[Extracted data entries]
/---

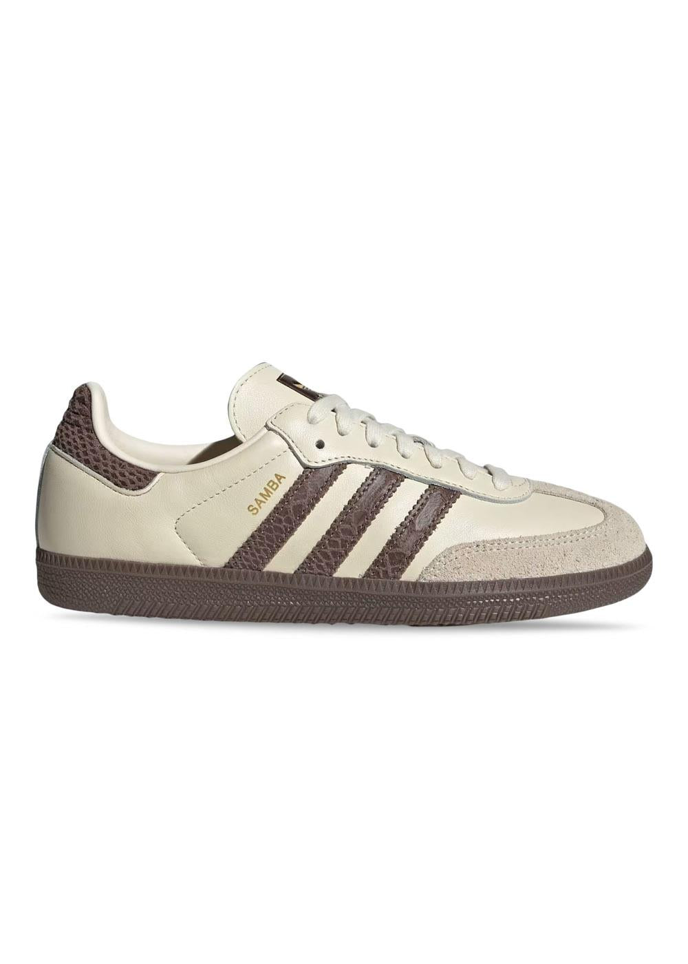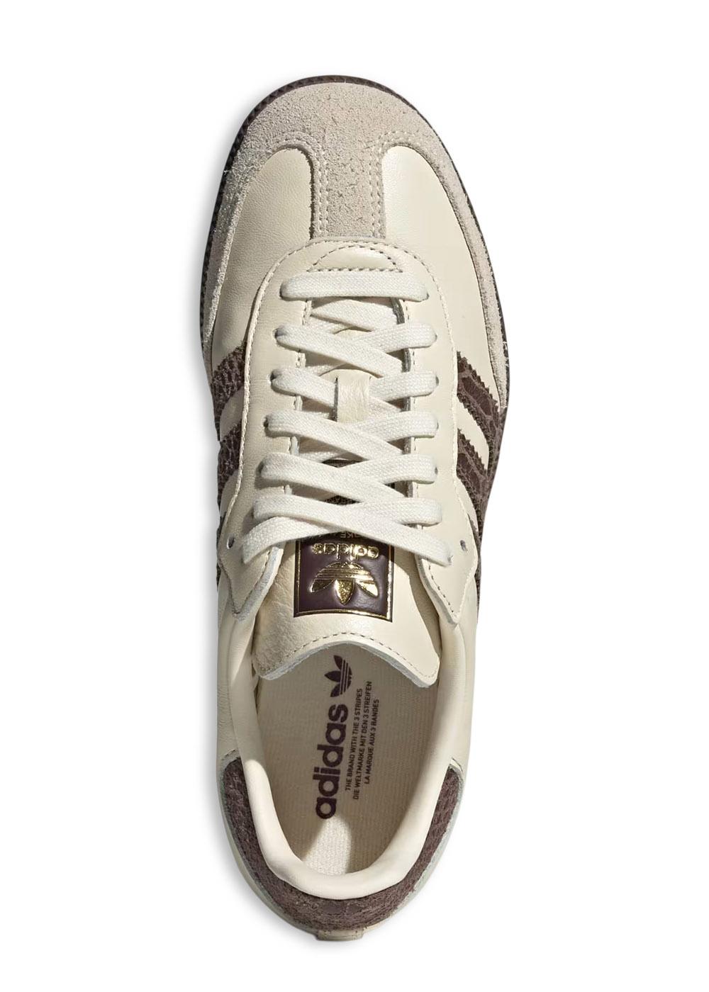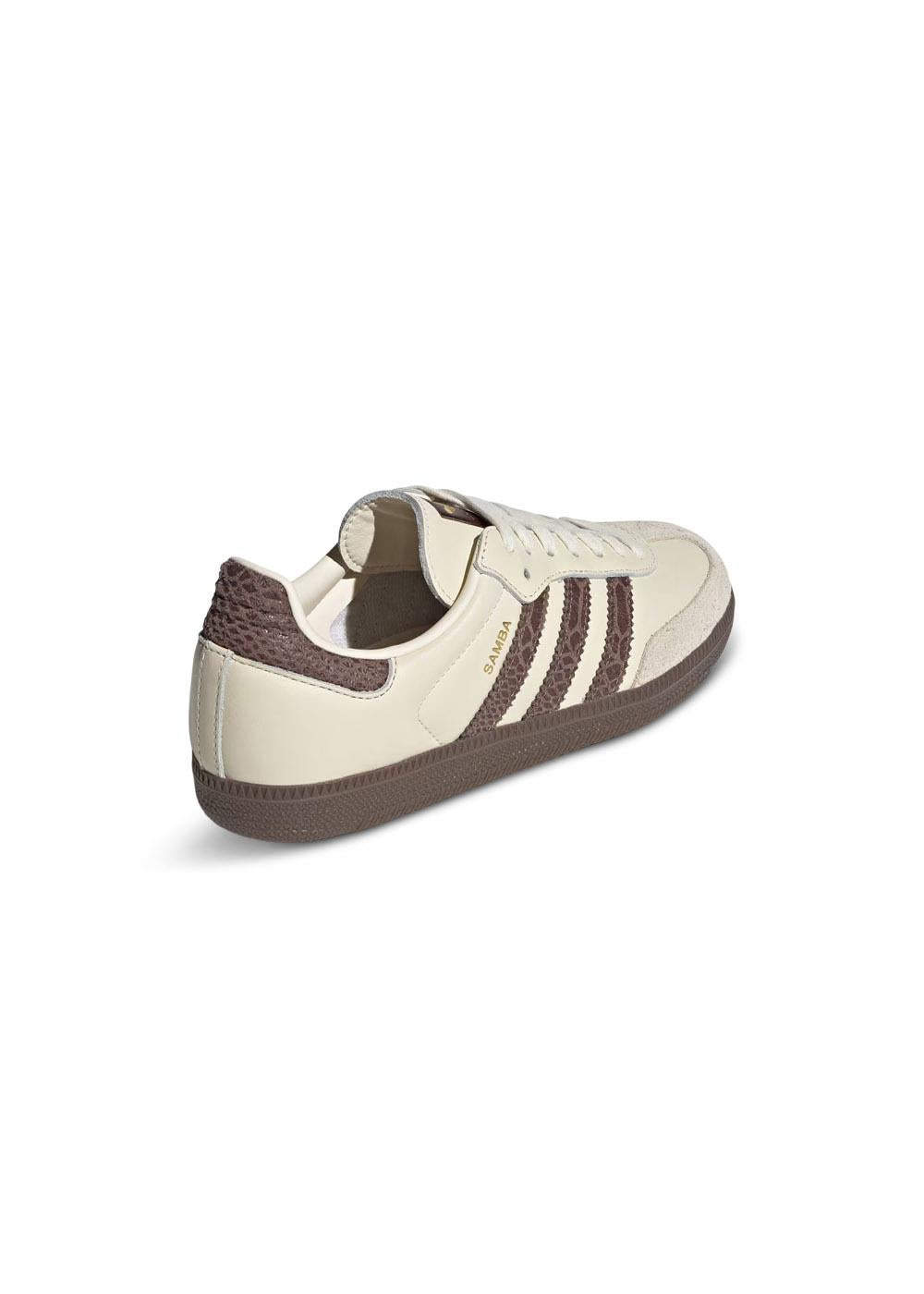 Opdag den ikoniske Adidas Originals Samba OG W sneaker i en elegant cremefarvet nuance. Denne version er opdateret med unikke kontrastdetaljer i dyreprint på de klassiske striber, som giver et moderne og sofistikeret twist.
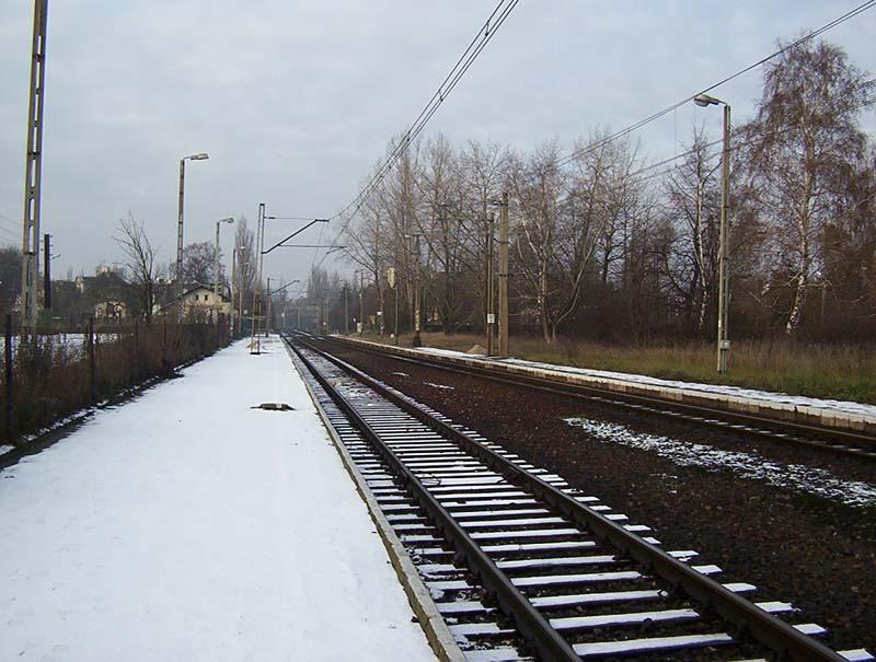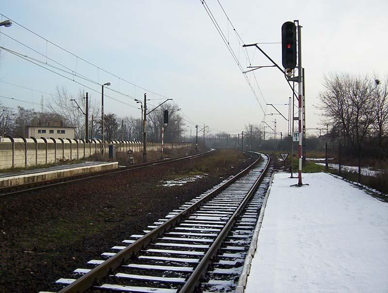 Poznań Dębina - koniec peronu 2, tory od strony Poznań Główny.
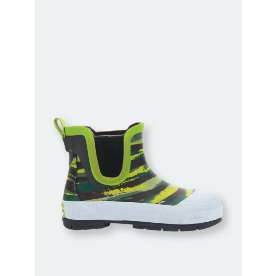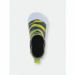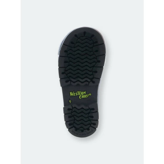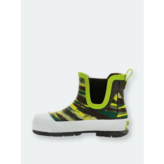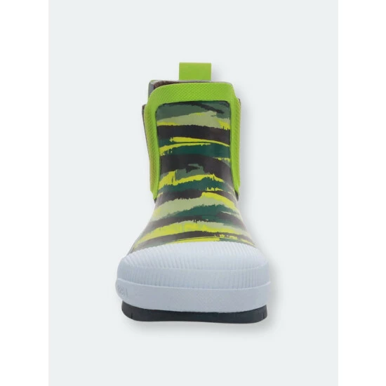 Sneaker inspired, olive colored waterproof chelsea boots available in toddler to youth sizing. Traction lug outsole and black stretch side gore for easily slipping boots on and off. Boots are easy to clean after a day outdoors.- Handmade waterproof construction with natural rubber- moisture-absorbent polyester cotton blend lining- Traction lug rubber outsole- Waterproof rubber upper- Western Chief has been creating smiles and making footwear for families since 1891.
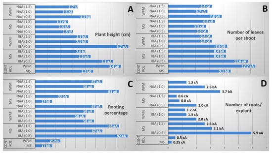 There was an effect of the interaction between the culture medium and auxins on plant height, number of leaves and roots, and percentage of rooting (Figure 4). In all treatments and the control without auxins, adventitious rooting of shoots from the multiplication phase (WPM + 0.5 mg L−1 BAP) was observed at different frequencies. Nonetheless, none of the tested treatments achieved 100% rooting of the shoots (Figure 4). Interestingly, the IBA resulted in a higher number of roots than NAA when using the MS ½ culture media, while NAA showed a better response than IBA when using the WPM culture media. This shows an interaction between the auxins and the formulation of the culture media. The use of MS ½ containing 0.5 mg L−1 IBA resulted in the best rooting percentage and number of roots/explant (Figure 4). For shoot development, WPM without auxins or containing IBA at 0.5 mg L−1 resulted in best plant height and number of leaves per shoot (Figure 4; Figure 5A,B). Furthermore, the lowest rooting percentages (16.7–25.0%) were observed in the control using both media and in the treatment of MS ½ containing 1.0–1.5 mg L−1 NAA.
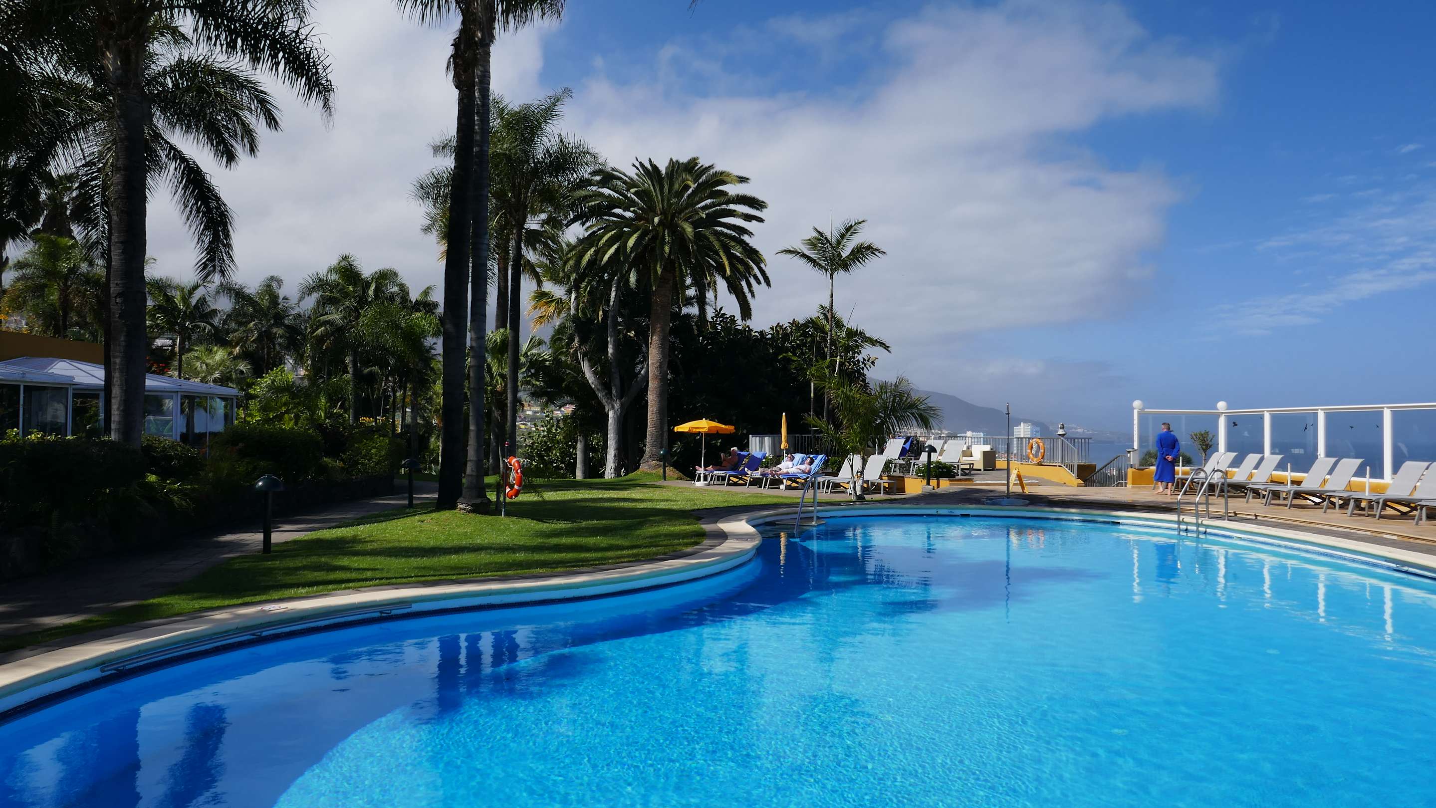 Pool mit Wassertemperatur von 26 °C, eingebettet in der subtropischen Gartenlandschaft des Hotels; ausreichend vorhandene Liegen, die niemals mit Badetüchern "reserviert" waren.

\---

### Directions
Say again, word for word, the lines beginning at the top of the data and ending with the line that has "There was an". Skip the pictures.

### Written response
 Opdag den ikoniske Adidas Originals Samba OG W sneaker i en elegant cremefarvet nuance. Denne version er opdateret med unikke kontrastdetaljer i dyreprint på de klassiske striber, som giver et moderne og sofistikeret twist.
 Poznań Dębina - koniec peronu 2, tory od strony Poznań Główny.
 Sneaker inspired, olive colored waterproof chelsea boots available in toddler to youth sizing. Traction lug outsole and black stretch side gore for easily slipping boots on and off. Boots are easy to clean after a day outdoors.- Handmade waterproof construction with natural rubber- moisture-absorbent polyester cotton blend lining- Traction lug rubber outsole- Waterproof rubber upper- Western Chief has been creating smiles and making footwear for families since 1891.
 There was an effect of the interaction between the culture medium and auxins on plant height, number of leaves and roots, and percentage of rooting (Figure 4). In all treatments and the control without auxins, adventitious rooting of shoots from the multiplication phase (WPM + 0.5 mg L−1 BAP) was observed at different frequencies. Nonetheless, none of the tested treatments achieved 100% rooting of the shoots (Figure 4). Interestingly, the IBA resulted in a higher number of roots than NAA when using the MS ½ culture media, while NAA showed a better response than IBA when using the WPM culture media. This shows an interaction between the auxins and the formulation of the culture media. The use of MS ½ containing 0.5 mg L−1 IBA resulted in the best rooting percentage and number of roots/explant (Figure 4). For shoot development, WPM without auxins or containing IBA at 0.5 mg L−1 resulted in best plant height and number of leaves per shoot (Figure 4; Figure 5A,B). Furthermore, the lowest rooting percentages (16.7–25.0%) were observed in the control using both media and in the treatment of MS ½ containing 1.0–1.5 mg L−1 NAA.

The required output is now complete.